The company ownership is limited by shares in the limited company type as it’s the main characteristic. However, the question arises when the business multiplies in size and there comes the requirement of increasing the share capital of the company to create an opportunity. In this article, we will be discussing what percentage shares are for private-public limited companies and how to do a share allotment, what steps to follow to go through the process of increasing the share capital of a limited company.

What is Share Allotment?

Firstly, before the consideration of the main topic, we will review the fundamentals that constitute a Hong Kong Private Limited Company. Hong Kong one of the locations that is mostly preferred by multinational investors for starting a new venture or conducting their business activities because of the level of protection that it offers by having its own separate legal identity from its shareholders. The protection of assets of a foreign investor, who can be a corporation registered beyond the border of Hong Kong and a foreign individual, is provided by the Private Limited Company by shares with the aim of reducing the level of the risks.

For example, as can be seen in the case of the incorporation of a Private Limited Company in Hong Kong, the investor can decide the number of shares which will be registered as the company’s share capital. The Hong Kong Companies Ordinance (cap. 622) stipulates that a private limited company must have at least one share worth a value of HK$1. Furthermore, a Private Limited Company can do so by raising the maximum number of its shareholders to 50 people. In this regard, a company can also raise capital by issuing new shares to new shareholders and increase the number of shareholders. This is the essence of the system referred to as the sub-division of shares.

In addition, when the company changes or increases its number of shareholders or issued share allotment, it should update all the information with the Companies Registry of Hong Kong as part of the Annual Return of the company which should be submitted every year and updated regularly if any changes occur to the company to comply with the local regulations of Hong Kong.

Now, that we have better knowledge about one of the essentials of a Private Limited Company and the process of issuing new shares, we can jump to the next section.

What Is the Critical Thing Required When the Capital is Raised?

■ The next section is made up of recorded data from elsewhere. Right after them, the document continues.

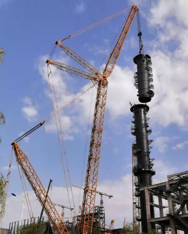 宝丰甲醇项目净化装置洗涤塔是整个甲醇项目最高、最重、最大的设备,总重量达1100吨。此次顺利吊装成功获得了业主的好评。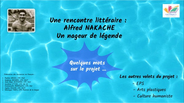 Cette proposition en littérature s'inscrit dans la continuité du projet départemental natation "Journée Nakache" concernant le nageur Alfred NAKACHE. Elle est l'occasion pour les équipes enseignantes de cycle 3 d'aborder la lecture orale, la compréhension de textes et la production d'écrits.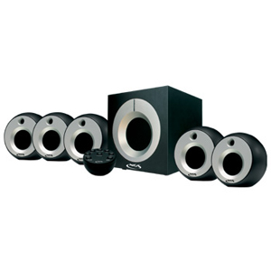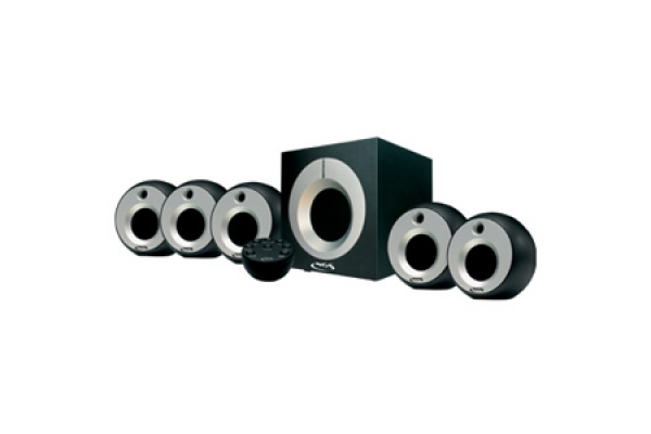 5.1 channel Sound System SUBWOOFER: Output power: 30 W RMS. Central/bass volume control. On/off button with LED. SATELLITES: Output power: 3 W RMS. Magnetically shielded. Includes remote with all controls.Prices, Promotions, Specifications, Availability and Offers may change without any notice. Pricing, typographic, or photographic errors may occur.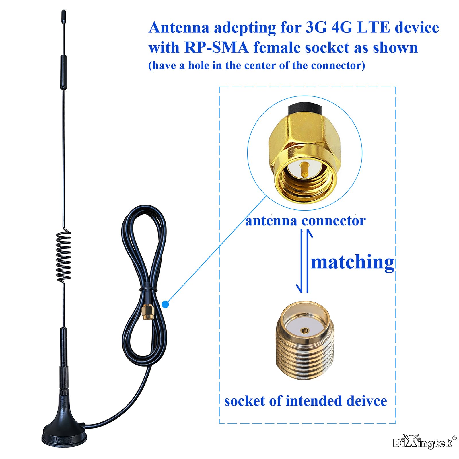Frequency range 698-960MHz and 1710-2700MHz; magnetic base mounting; 1meter/3.2ft cable length; SMA male connector; antenna efficiency up to 65%; suitable for most network carriers. Package contains: 2 x Antennas;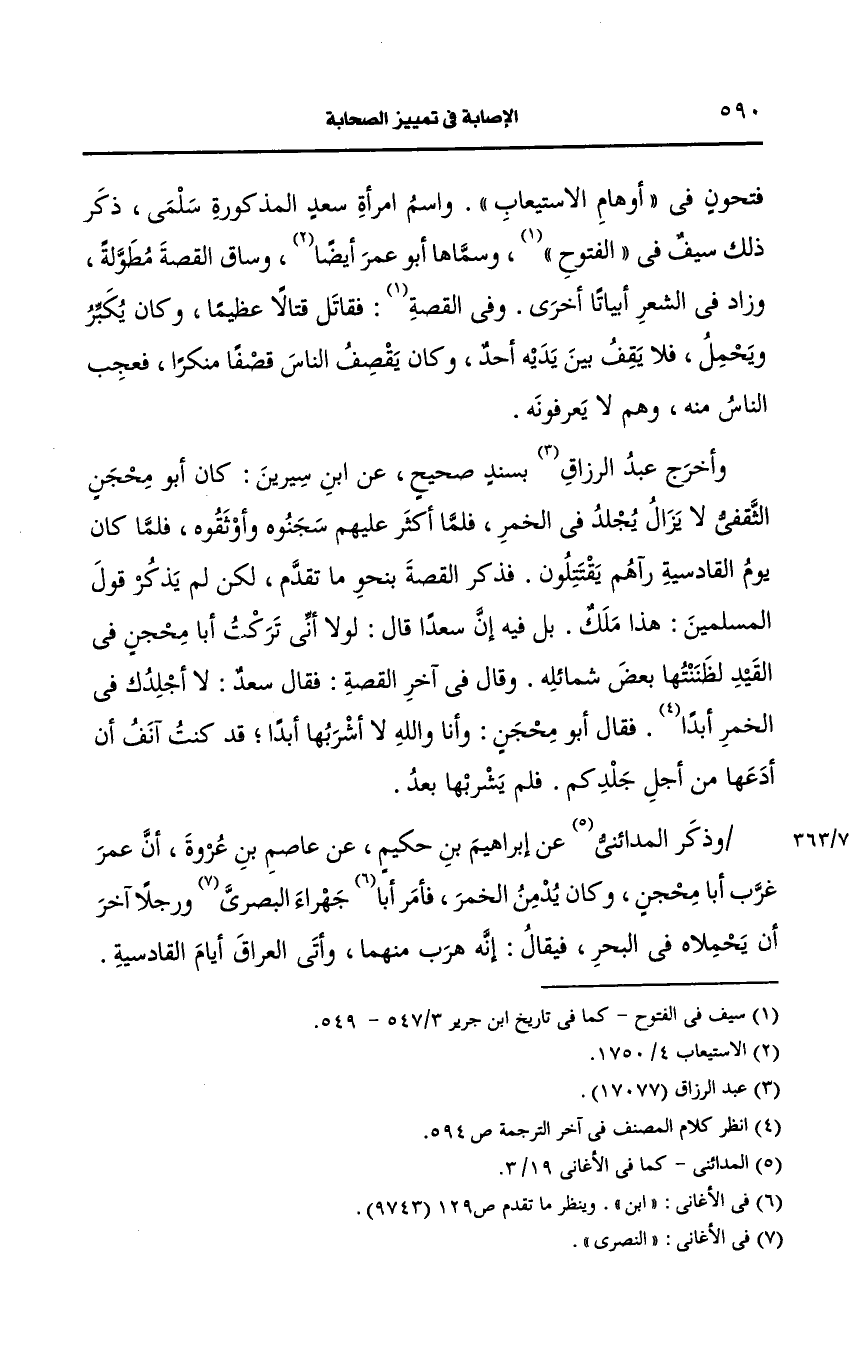 وأخرج عبد الرزاق بسند صحيح، عَن ابن سيرين كان أَبو محجن الثَّقفي لا يزال يجلد في الخمر فلما أكثر عليهم سجنوه وأوثقوه فلما كان يوم القادسية رآهم يقتتلون فذكر القصة بنحو ما تقدم لكن لم يذكر قول المسلمين هذا ملك بل فيه إن سعدا قال لولا أني تركت أبا محجن في القيد لظننتها بعض شمائله وقال في آخر القصة فقال لا أجلدك في الخمر أبدا فقال أَبو محجن وأنا والله لا أشربها أبدا قد كنت آنف أن أدعها من أجل جلدكم فلم يشربها بعد.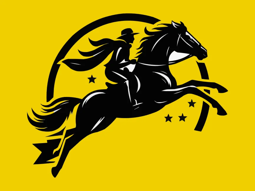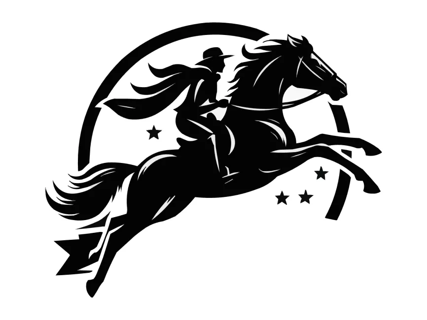 With its strong silhouette, western motifs, and star accents, this design delivers bold brand storytelling with minimal elements. It communicates heroism, motion, and tradition—ideal for adventurous or heritage-driven logo brand identities.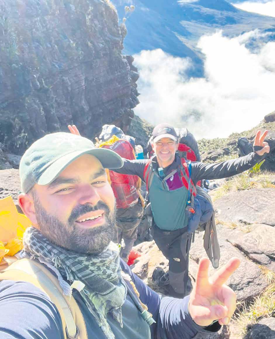 Felipe Paes, sobrinho de Fabio, aceitou o convite feito pelo tio e também embarcou nessa expedição em que o percurso de ida e volta ao topo foi de 85 km de trekking. Para ele a sensação é indescritível. “Tudo que é simples em nosso dia a dia me foi posto à prova naquele lugar. Comer, beber água, utilizar o banheiro, tomar banho e até mesmo dormir exigia muito, pois sempre havia um obstáculo a superar. Tudo lá é difícil, principalmente por ter que carregar montanha acima uma mochila com 15 kg em média. “Quando você sobe, muitas vezes agarrados às pedras, a mochila te puxa pra baixo, e quando você desce passando por abismos, ela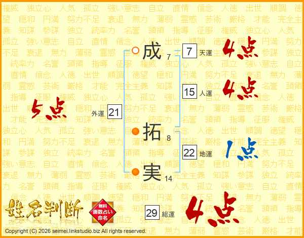 成(7画) 拓(8画)実(14画)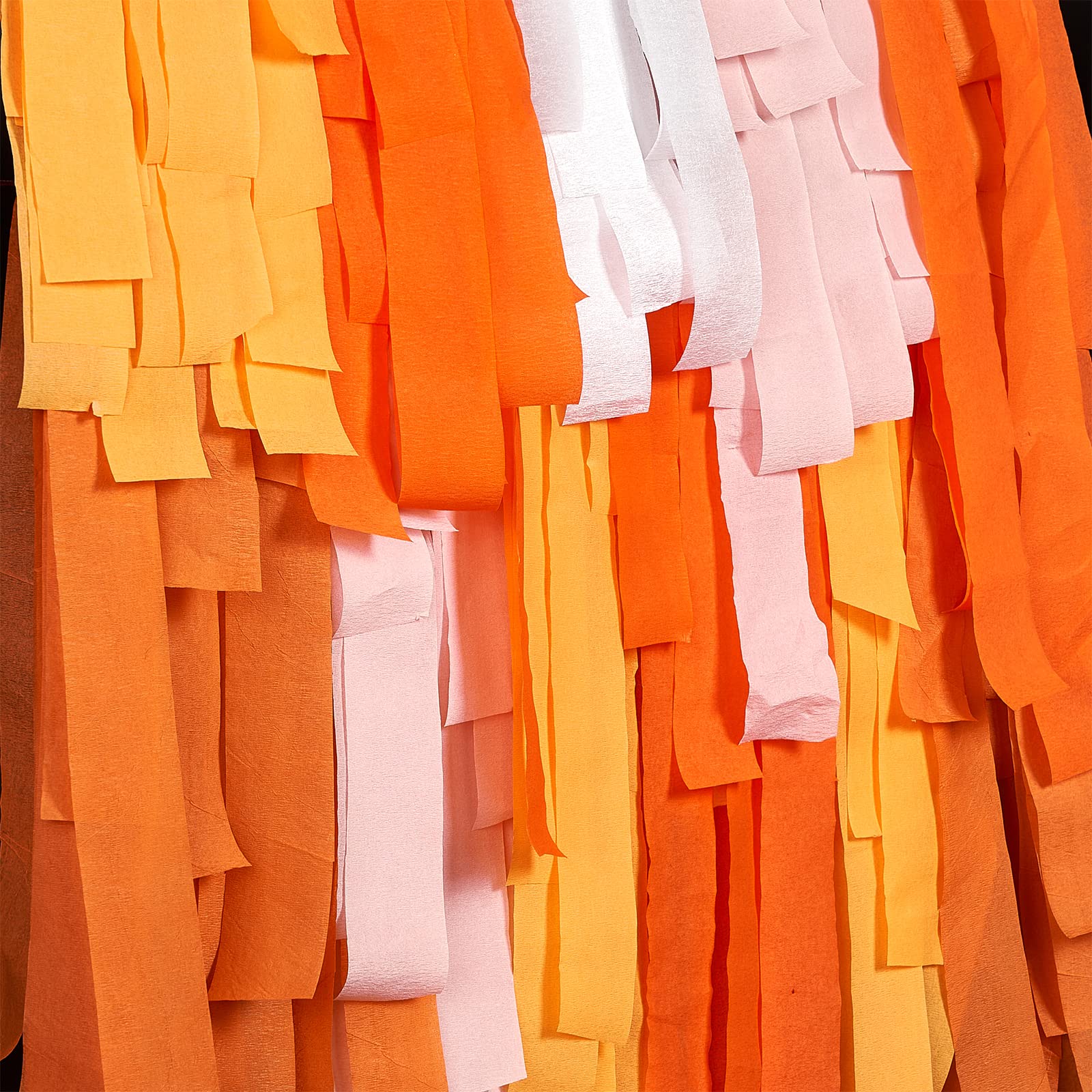Package Included:You will receive 6 precisely rolled party crepe paper in light orange, burnt orange, orange, white and baby pink colors, each roll is 1.8 inch x 82 ft, these crepe paper streamer rolls are enough for your wedding and engagement needs

Some people may think that the procedure of issuing new shares or share allotment from a Hong Kong company in accounting is just the process of depositing the capital passed in the agreement into the company’s business account. However, the procedure provided is not only a straight transaction and some factors should be taken into consideration. In this section, we’ll mention some of them in a general way:

  • Articles of Association (AoA): In order to comply with the Articles of Association of the corporation, the issue of shares should be done according to the rules set forth in the document, and especially if it is going to be about the new shares that are going to be issued. For instance, the main shareholders need to be unanimous and have the same opinion about adding a new shareholder which is a hard process. Otherwise, it might be difficult to carry out the process.
  • Annual Return compliance: in this case, there is an element that is normally overlooked, which is the fact that a company that is out of compliance with the local authorities of Hong Kong like not submitting the Annual Return in time or even forgetting for several years, cannot perform a process until they come up to date to the year that is the process intended to be done.
  • Audited Financial Statement: Along with the previous point, a company must report its Audited Financial statements to the government authorities at least once a year In respect to this kind of procedure, the latest financial statements are necessary to look at the actual position of the company. For example, if a company is held back for 5 or more years, it will have to carry out its accounting and audit operations until the last fiscal year. The lack of financial flexibility will result in the inability to share allotment. What is the role of the audit and the share allotment in the process of registering a company? Consider the case you want to invest in a company, but you need to know the status of that entity, sales look good, but what about the debts, in that case, you will consider the investment twice.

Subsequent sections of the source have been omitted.